» **How to complete this task**
The answer is the exact run of lines in the listing below from the line containing "Table pied acier en X plateau chêne" up to and including the line containing "15000LM Наружное освещение", with pictures removed.

» **Records to use**
------

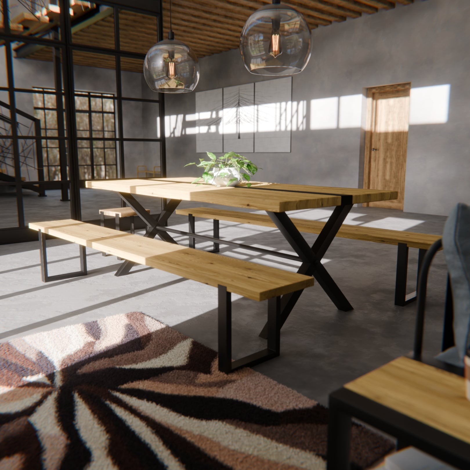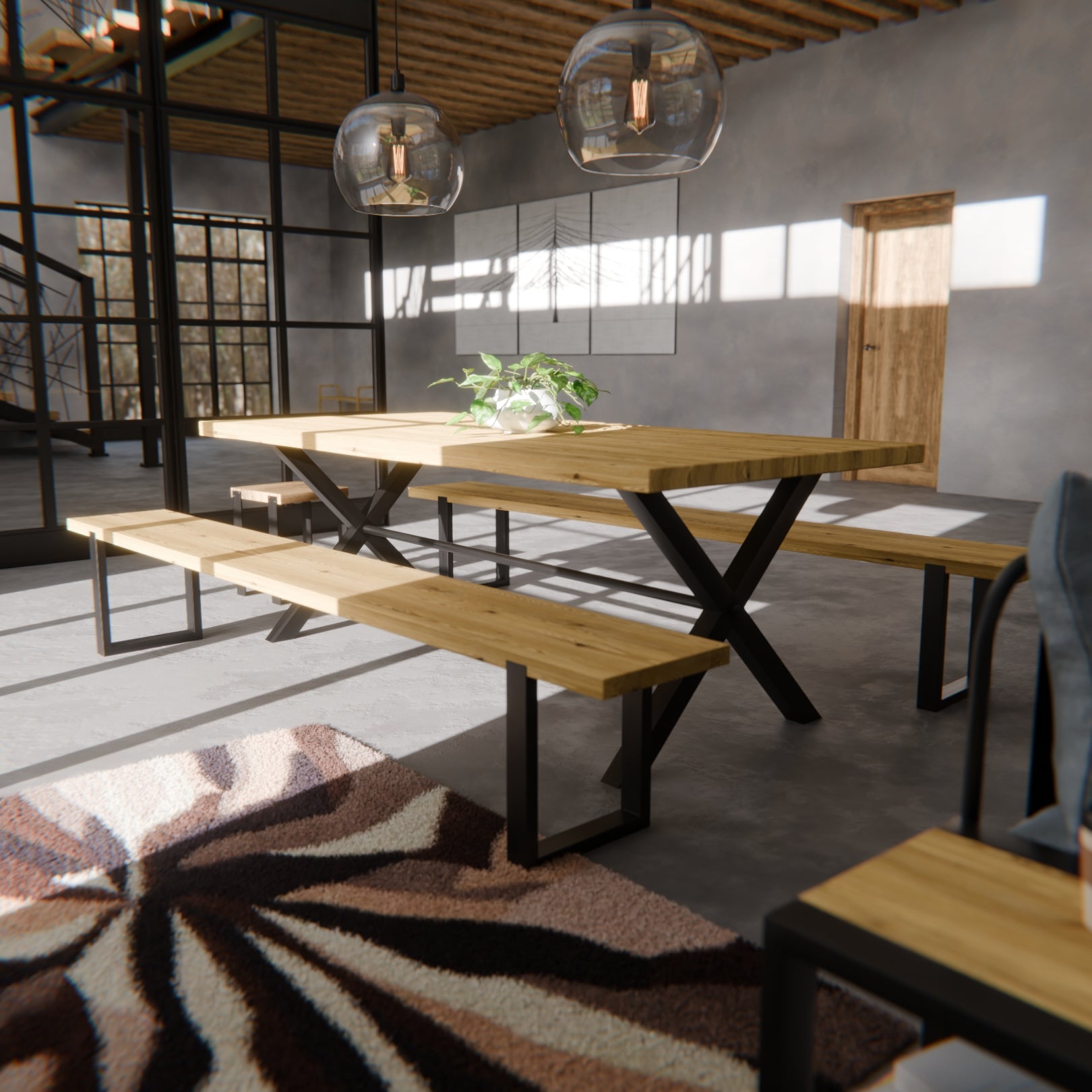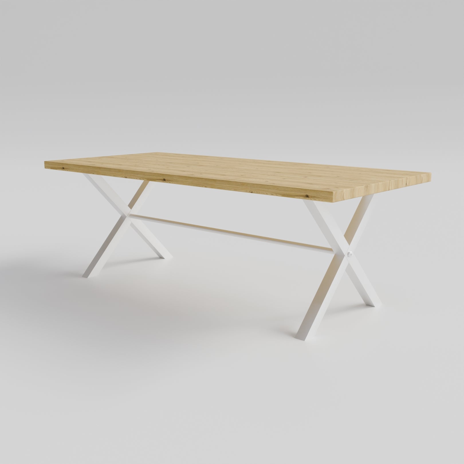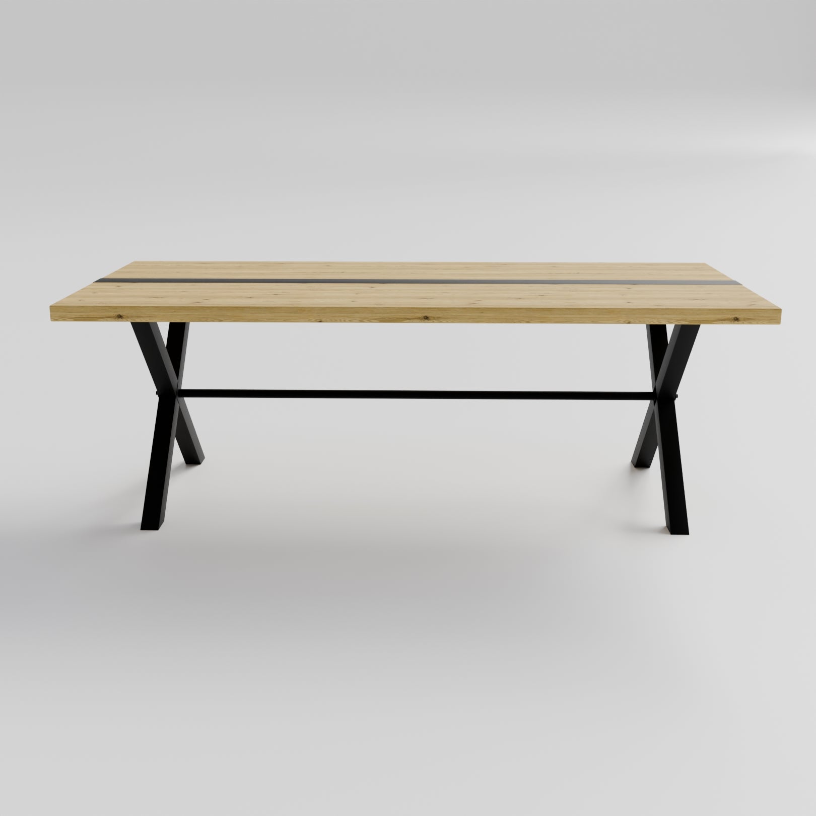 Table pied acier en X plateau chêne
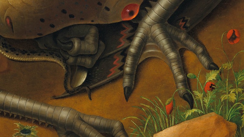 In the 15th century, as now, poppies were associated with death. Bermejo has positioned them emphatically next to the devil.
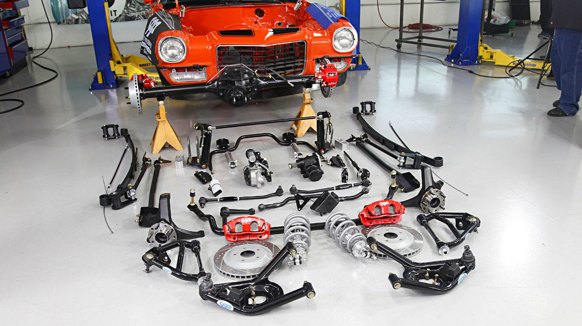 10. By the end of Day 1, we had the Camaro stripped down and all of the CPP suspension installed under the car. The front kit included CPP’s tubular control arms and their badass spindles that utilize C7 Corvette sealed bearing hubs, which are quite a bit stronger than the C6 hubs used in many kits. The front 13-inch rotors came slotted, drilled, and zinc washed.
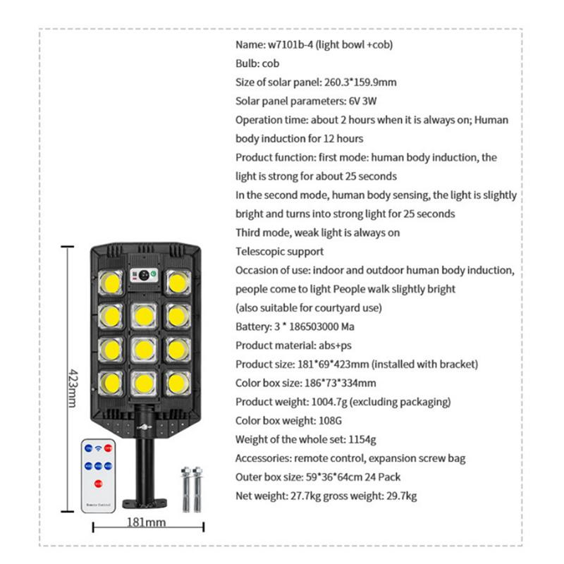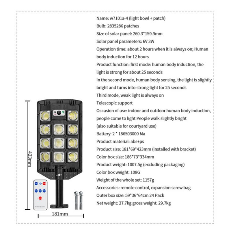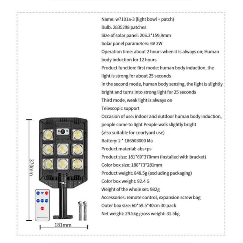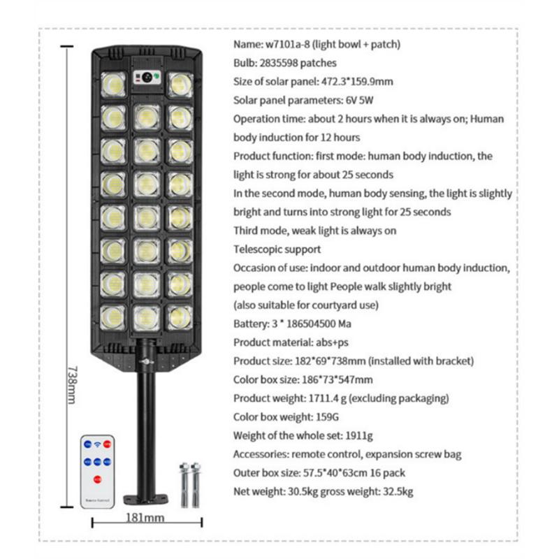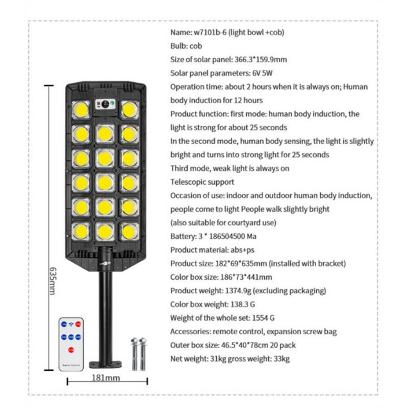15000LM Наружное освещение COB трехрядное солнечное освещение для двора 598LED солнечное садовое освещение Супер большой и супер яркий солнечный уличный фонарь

------

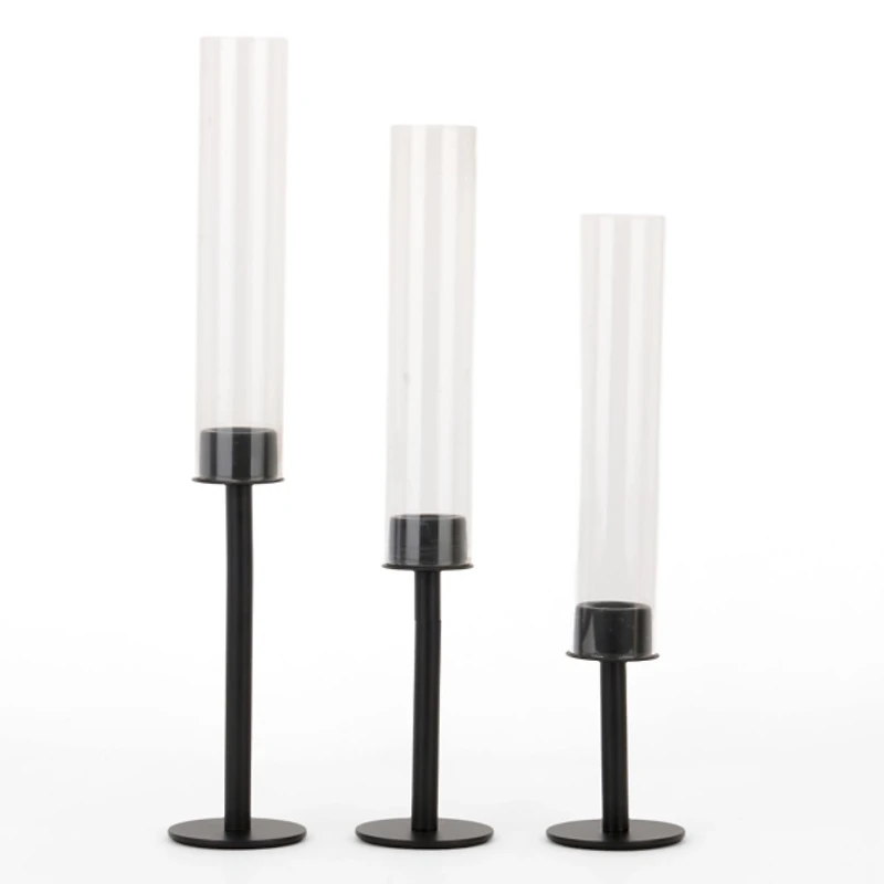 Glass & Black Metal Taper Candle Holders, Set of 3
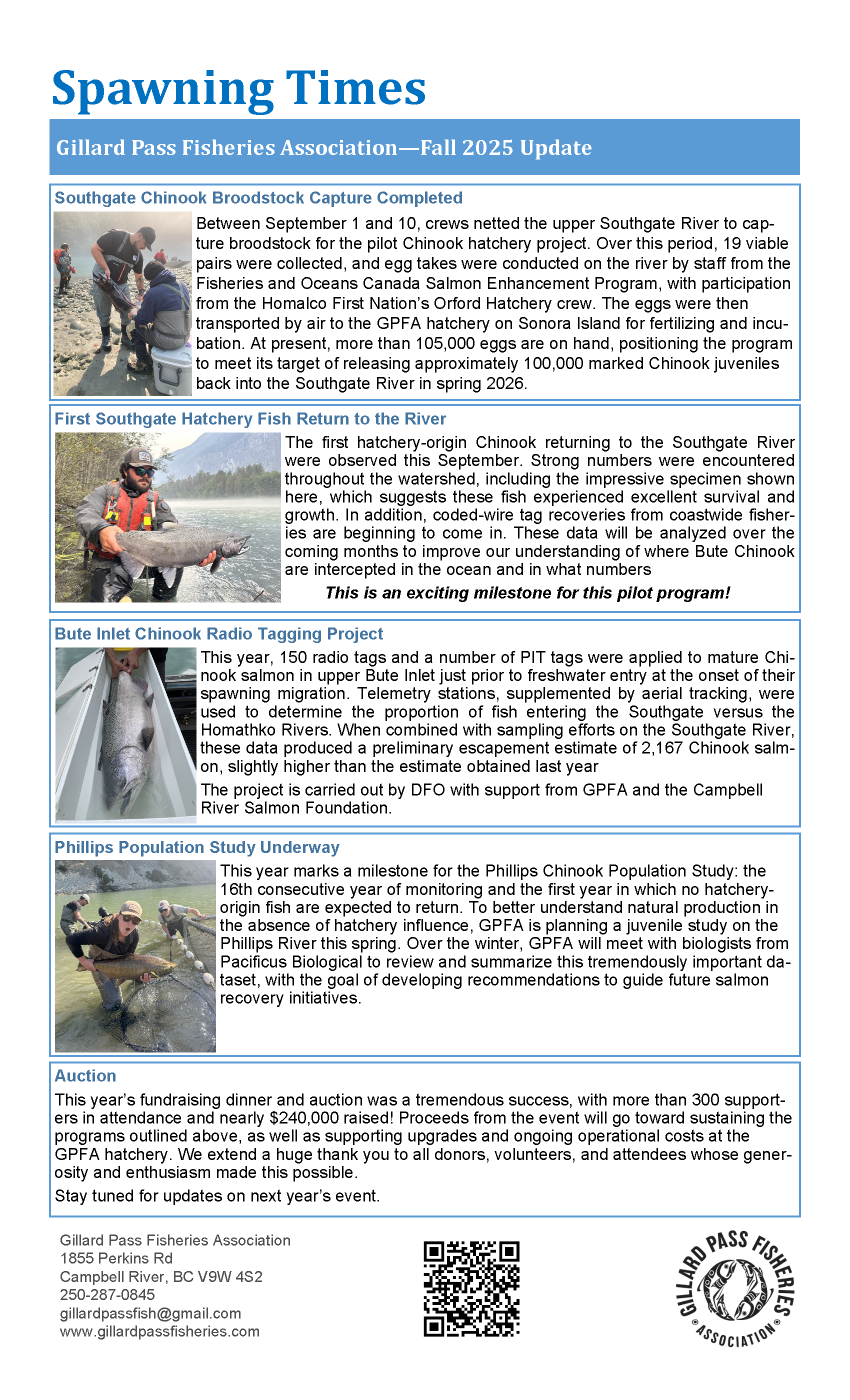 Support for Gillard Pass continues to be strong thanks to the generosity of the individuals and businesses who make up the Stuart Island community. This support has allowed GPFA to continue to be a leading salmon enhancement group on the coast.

------

» **Task response**
 Table pied acier en X plateau chêne
 In the 15th century, as now, poppies were associated with death. Bermejo has positioned them emphatically next to the devil.
 10. By the end of Day 1, we had the Camaro stripped down and all of the CPP suspension installed under the car. The front kit included CPP’s tubular control arms and their badass spindles that utilize C7 Corvette sealed bearing hubs, which are quite a bit stronger than the C6 hubs used in many kits. The front 13-inch rotors came slotted, drilled, and zinc washed.
15000LM Наружное освещение COB трехрядное солнечное освещение для двора 598LED солнечное садовое освещение Супер большой и супер яркий солнечный уличный фонарь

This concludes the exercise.